Moreover, patients’ use of additional therapeutic interventions may also be a confounding factor. However, this study only treats patients at the assigned center. In addition, being a prevalent user is classified as an exclusion criterion, which minimizes inception bias (102).
Finally, bias arising from deviations in the care provided from the intended intervention is referred to as performance bias (102). This limitation can be addressed by precisely defining the treatment provided. Nevertheless, no matter how strictly an intervention is defined, there will inevitably be some variation due to possible differences in the experience of care providers. Furthermore, due to treatment for BPD being a complex heath intervention (94) it is hard to disentangle the effects of the content of the intervention, the duration and intensity of treatment. Information on these elements will be gleaned and treated as confounder variables in the model.

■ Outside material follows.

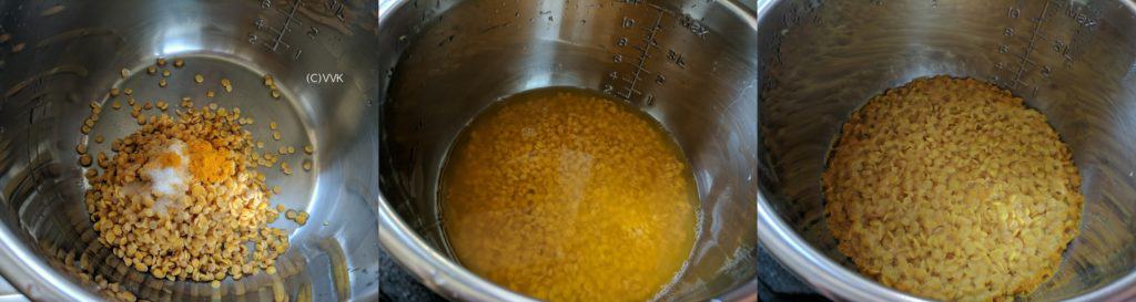 - Add the washed toor dal, salt, turmeric powder and 1.5 cups of water in a pressure pan or cooker and cook for up to 3 to 4 whistles.
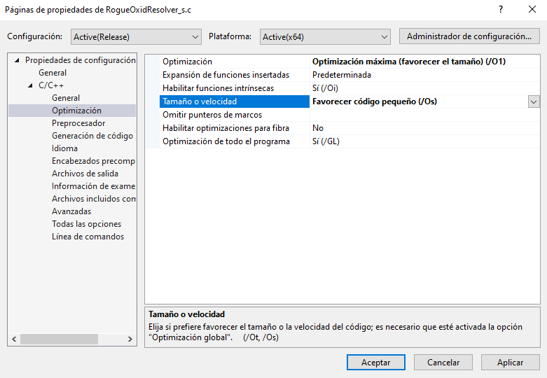 En los ajustes de compilación, viene predeterminado optimizar con respecto a la velocidad. Lo cambio al tamaño para poder borrar así restos que no afecten a la ejecución del programa pero que sí pueden ser rastreados

Moreover, differences between the two groups in terms of cardinal socio-demographic variables and medication regime variables will be explored. Variables that will be substantially different between groups will be considered confounders. Age will also be explored as a potential moderator variable, based on prior meta-analytic evidence suggesting that younger individuals may benefit less from psychotherapy for BPD (103). Although this finding was based on limited and low-quality evidence from only two adolescent RCTs, it highlights a possible differential effect of age that could extend, cautiously, to young adults. If such an effect is confirmed in our data, it will be taken into account in the outcome analyses.
Conclusion
The current quasi-experimental, pragmatic trial is designed to investigate how a psychodynamic stepped approach delivered as a holistic, individualized service compares with TAU. In addition to investigating clinical effectiveness, the trial will include an economic evaluation to investigate how the integrative stepped approach compares with TAU. Overall, the trial aims to contribute to an evidence-based understanding that will inform decisions about the optimal forms of care and treatment for patients with BPD, both from a clinical and societal perspective.